## Dataset excerpt
↓

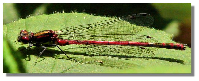 Pyrrhosma Nymphula is better known by its common name of "Large Red". It is one of only two red damselflies in Britain (the other one is the Red-eyed Damselfly). Damselflies are usually smaller than dragonflies and the Large Red grows to just 3.6 centimetres (just under 1½ inches) long. Yes, the camera got quite close!
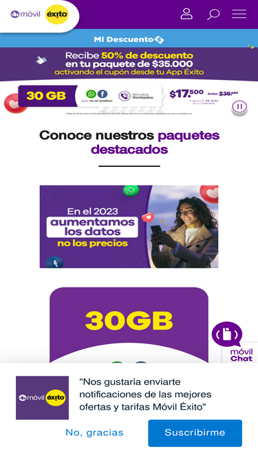 54%con móvil éxito disfruta de paquetes prepago, datos, redes sociales y miles de minutos. ¡entérate porque nos están prefiriendo!
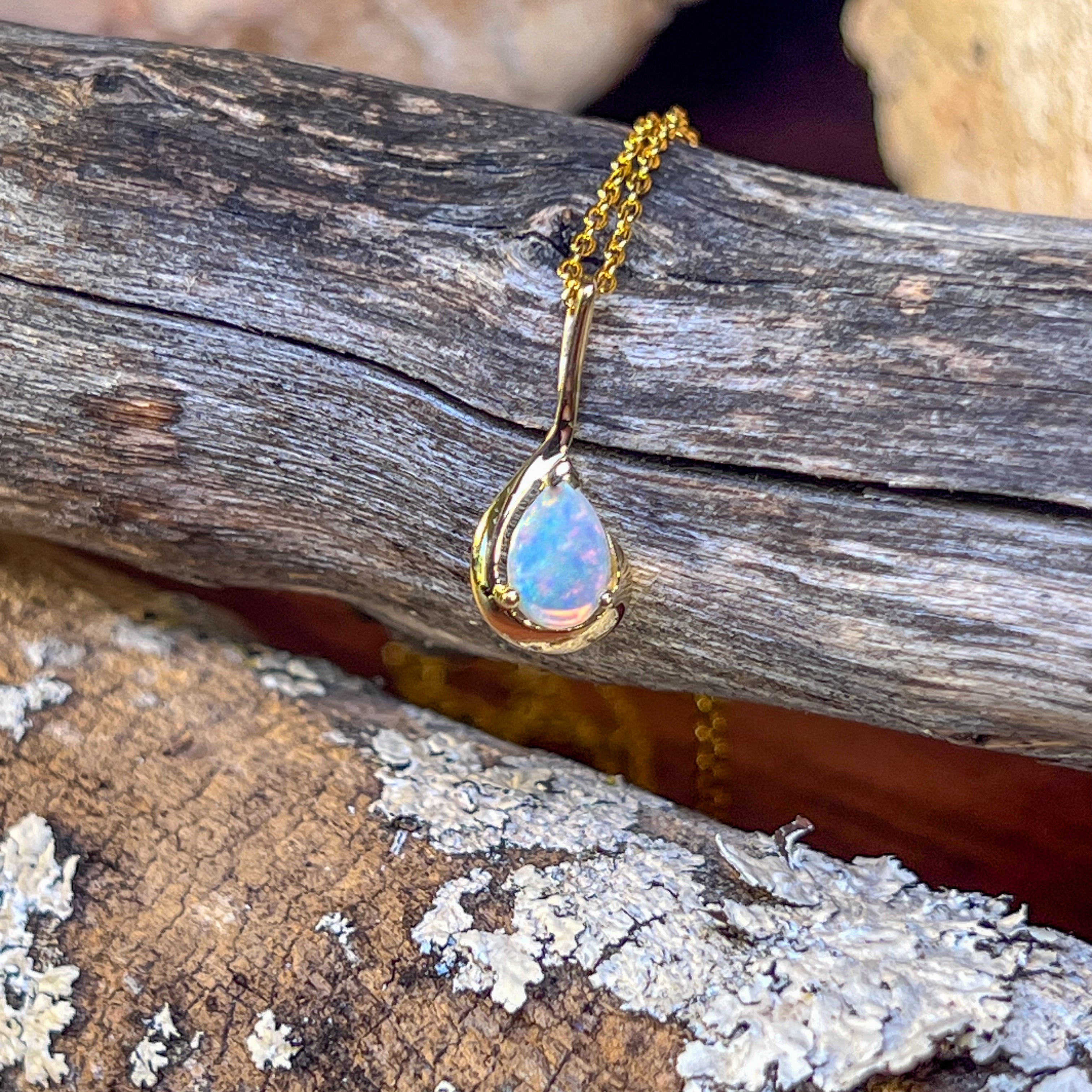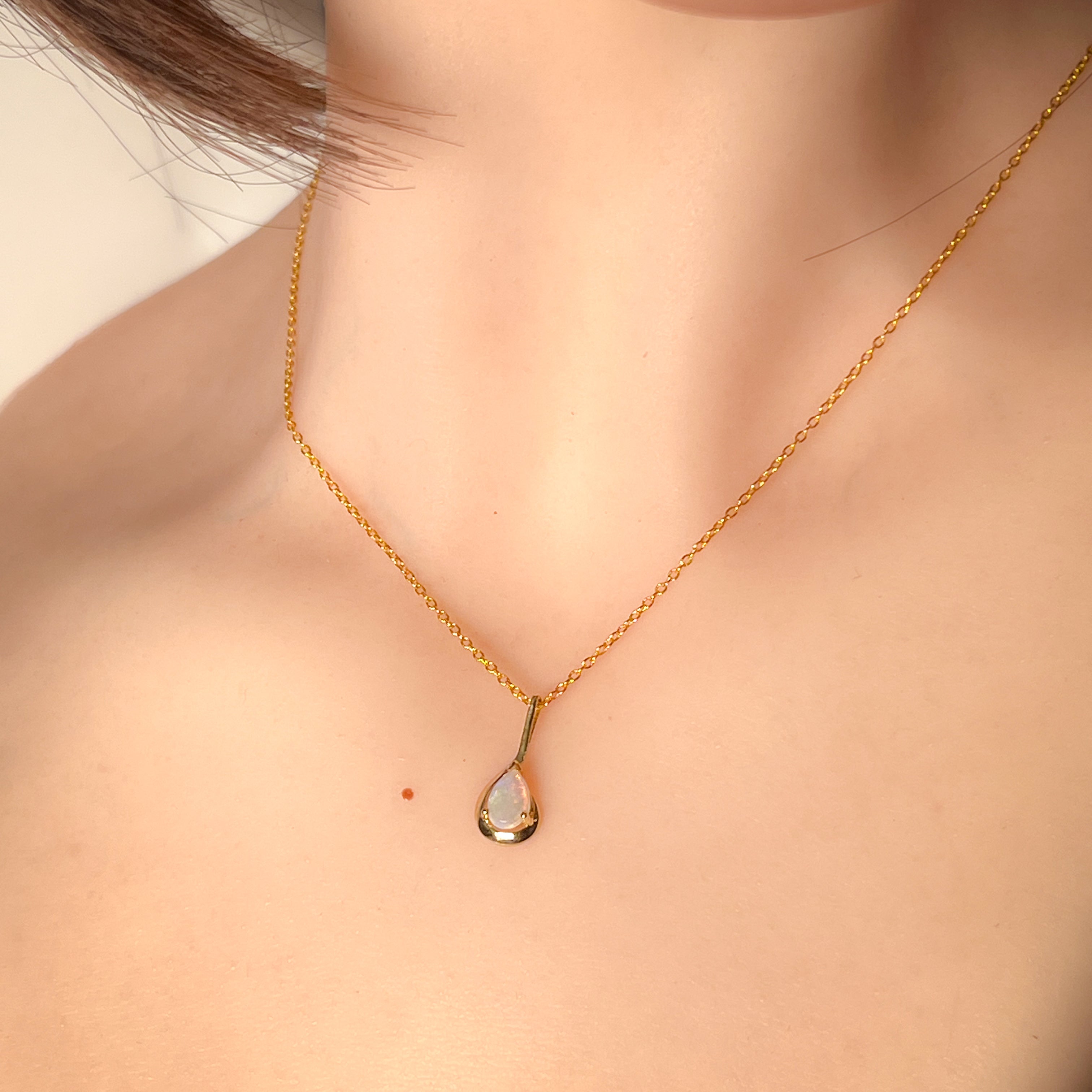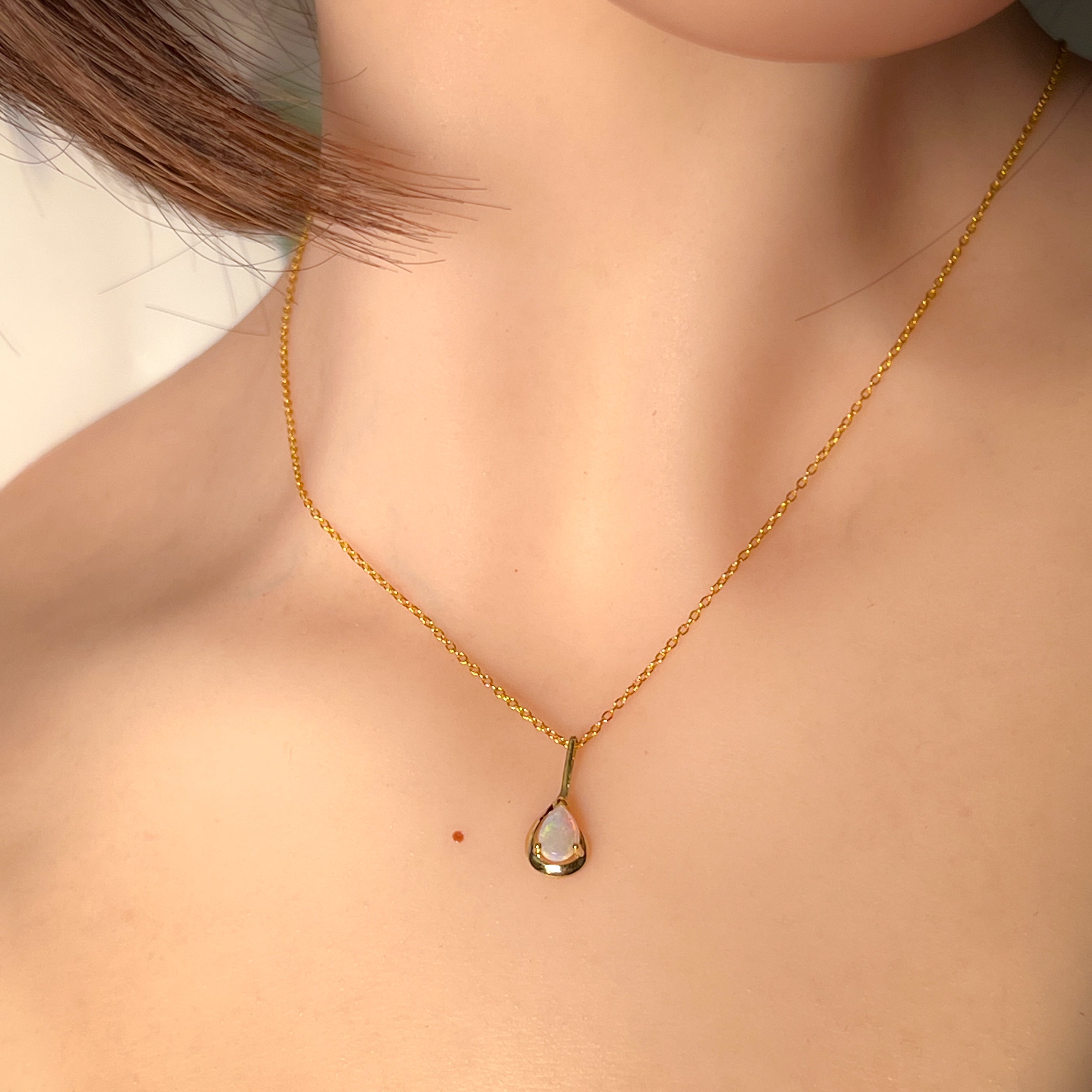 9kt Yellow Gold pear shape 7x5mm Opal crystal pendant

↑

## What is being asked
Each line above must be set down exactly, though no picture should be carried over.

## Written response
 Pyrrhosma Nymphula is better known by its common name of "Large Red". It is one of only two red damselflies in Britain (the other one is the Red-eyed Damselfly). Damselflies are usually smaller than dragonflies and the Large Red grows to just 3.6 centimetres (just under 1½ inches) long. Yes, the camera got quite close!
 54%con móvil éxito disfruta de paquetes prepago, datos, redes sociales y miles de minutos. ¡entérate porque nos están prefiriendo!
 9kt Yellow Gold pear shape 7x5mm Opal crystal pendant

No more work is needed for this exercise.